The number of people victimized annually was last estimated at about 10 million by the Federal Trade Commission. In April, the federal Bureau of Justice Statistics reported that at least one member of 3 percent of all U.S. households were identity-theft victims in the last half of 2004. Chances are you or someone you know has been hit. Yes, consumers have gotten savvier -- cyber streetwise, if you will. We shred financial documents and unsolicited, pre-approved credit card offers; check credit reports regularly; keep Social Security numbers as private as possible; delete e-mail from unknown senders as soon as it arrives; and frequently update antivirus, firewall and spam-blocking software. But for every scam we foil, the crooks are hard at work thinking up novel ways to rip us off.

Attackers Don't Stop

When it comes to high-tech fraud, one of the most common scams is "phishing." The bad guys who do it send out bogus e-mails in hopes of scaring, enticing or just tricking the naive into giving up personal information at fake websites that resemble those of legitimate financial institutions and other commercial outfits.

The volume of phishing e-mail has reached astounding levels. The software company Symantec (of Norton fame) pegged traffic last year at 1.5 billion messages a day; less than half were blocked before reaching their destinations. Gartner, a market-research firm, reports that in the 12 months ending in May 2005, phishers duped 2.4 million Americans into revealing personal info, costing victims, banks and credit card companies $929 million.

The good news: computer users are getting better at telling the difference between real and fake e-mail. The bad news: Phishermen are adapting.

"Attackers are not going to stop," says Dave Cole, a Symantec director. "They're going to go after other applications."

Maybe you've heard of "pharming," in which legitimate websites are hit with malicious computer code that steers those visiting them to lookalike sites. Data can then be harvested without a key being struck. In a twist, there's crimeware that instead attacks browsers (Internet Explorer, for one) and does its pharming from there.

Among the most insidious new cons: "keystroke-logging," in which software planted on a computer (perhaps via a virus) records everything a user types and passes it back to an identity thief. And don't forget "screen scrapers," which can snatch and send images of what's on-screen.
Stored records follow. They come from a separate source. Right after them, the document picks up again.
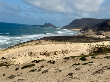 Turen er arrangert av ARC, og er noe som ligger i påmeldingen vår. Skal innrømmes at vi ikke har de største forhåpningene, men blir snart meget positivt overrasket. Starter vår tur til høyeste fjellet på øya som er litt over 750 meter. Det snirkles oppover på trange veier med brostein med stup ned på siden. Er der egentlig for utsikten, men det er dessverre tåke i dag så får ikke sett så mye. Vår guide er imidlertid veldig flink, og hele turen har han masse interessant å fortelle om historien, skikker, dagliglivet med mer. Turen går videre til sandstrender bestående av ren Sahara sand som har blitt ført over, vi får smake på lokale rom spesialiteter (som smaker helt jævlig!) og besøker et skilpadde senter som jobber med å bevare havskilpaddene. Vi kjører etterhvert over nesten hele øya, opp fjell, langs kysten og gjennom daler. Øya São Vicente er normalt veldig tørr, men etter orkanen som var her i august, fikk de så mye nedbør at det nå er grønt både her og der.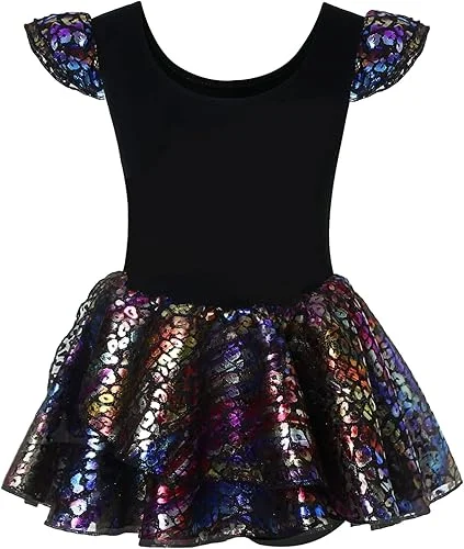 Phineein Girls Ballet Leotard with Skirt – Shiny Sparkle Tutu Dress, Ruffle Sleeve Dancewear for Kids/Toddler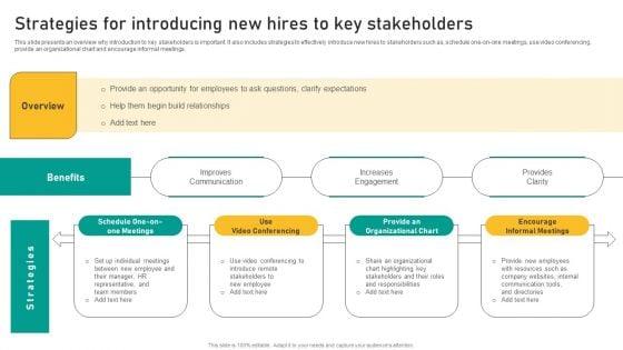 This slide presents an overview why introduction to key stakeholders is important. It also includes strategies to effectively introduce new hires to stakeholders such as, schedule one-on-one meetings, use video conferencing, provide an organizational chart and encourage informal meetings. Are you searching for a Talent Retention Initiatives For New Hire Onboarding Strategies For Introducing New Hires Topics PDF that is uncluttered, straightforward, and original Its easy to edit, and you can change the colors to suit your personal or business branding. For a presentation that expresses how much effort you have put in, this template is ideal. With all of its features, including tables, diagrams, statistics, and lists, its perfect for a business plan presentation. Make your ideas more appealing with these professional slides. Download Talent Retention Initiatives For New Hire Onboarding Strategies For Introducing New Hires Topics PDF from Slidegeeks today.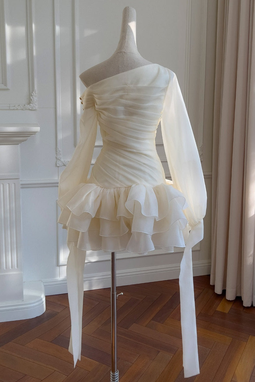 The Apricot Ruffle Diagonal Long Sleeve Mini Dress offers a sophisticated silhouette with its flattering diagonal ruffle detail that enhances movement and visual interest. Crafted in a soft apricot hue, this mini dress combines long sleeves and a tailored fit, making it perfect for both day and evening occasions. Its elegant design balances feminine charm with modern style, providing a versatile option for wardrobes seeking refined yet playful pieces.

Spyware is another big problem. At its most innocuous, it's just an annoyance, spawning unwanted advertising, like pop-ups. In its more nefarious form, it can arrive as a "Trojan downloader," a program that lies dormant on a computer, only to perk up later to retrieve and install destructive code under a hacker's direction. "Once that gets into your system," says Cole, "you're in for a world of hurt."
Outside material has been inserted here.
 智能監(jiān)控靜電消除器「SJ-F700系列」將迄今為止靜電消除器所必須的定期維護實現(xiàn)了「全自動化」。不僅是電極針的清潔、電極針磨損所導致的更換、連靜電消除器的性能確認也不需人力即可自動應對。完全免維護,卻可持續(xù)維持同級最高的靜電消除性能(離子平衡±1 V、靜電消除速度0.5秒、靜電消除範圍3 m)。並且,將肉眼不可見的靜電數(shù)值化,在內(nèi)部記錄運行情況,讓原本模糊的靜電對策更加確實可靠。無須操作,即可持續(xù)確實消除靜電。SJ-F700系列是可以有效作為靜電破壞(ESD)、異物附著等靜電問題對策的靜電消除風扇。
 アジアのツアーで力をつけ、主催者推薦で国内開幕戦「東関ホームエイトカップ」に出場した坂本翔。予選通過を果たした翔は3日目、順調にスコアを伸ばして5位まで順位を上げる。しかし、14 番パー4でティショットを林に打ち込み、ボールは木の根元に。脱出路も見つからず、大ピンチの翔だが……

In a University of Washington study released in February, researchers found that more than 1 in 20 "executable" (.exe) files they encountered during a massive Web crawl contained "piggybacked" spyware. And, on average, 1 in 62 websites launched what are called "drive-by download attacks," trying to force spyware on users who merely visited the sites.
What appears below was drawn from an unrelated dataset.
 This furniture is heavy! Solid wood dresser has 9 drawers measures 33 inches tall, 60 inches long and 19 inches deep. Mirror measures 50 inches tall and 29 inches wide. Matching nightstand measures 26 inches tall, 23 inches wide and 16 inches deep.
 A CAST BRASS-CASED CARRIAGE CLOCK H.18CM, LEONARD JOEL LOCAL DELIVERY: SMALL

Adding a disturbing wrinkle to all this shady activity is the fact that your own computer can be infected by hackers so that -- unknown to you -- it becomes one "zombie" among thousands in a robot network ("botnet") created to attack other computers. A recent federal case against one "botmaster," 20-year-old Jeanson James Ancheta, provides a glimpse into the scope of the threat.

Ancheta, of Downey, California, pleaded guilty in January to four felony counts. In doing so, he admitted taking control of hundreds of thousands of Internet-connected computers, using the zombie machines to send adware, and also selling spammers access to his botnet. In a just over a year, Ancheta earned $58,000 for providing these services.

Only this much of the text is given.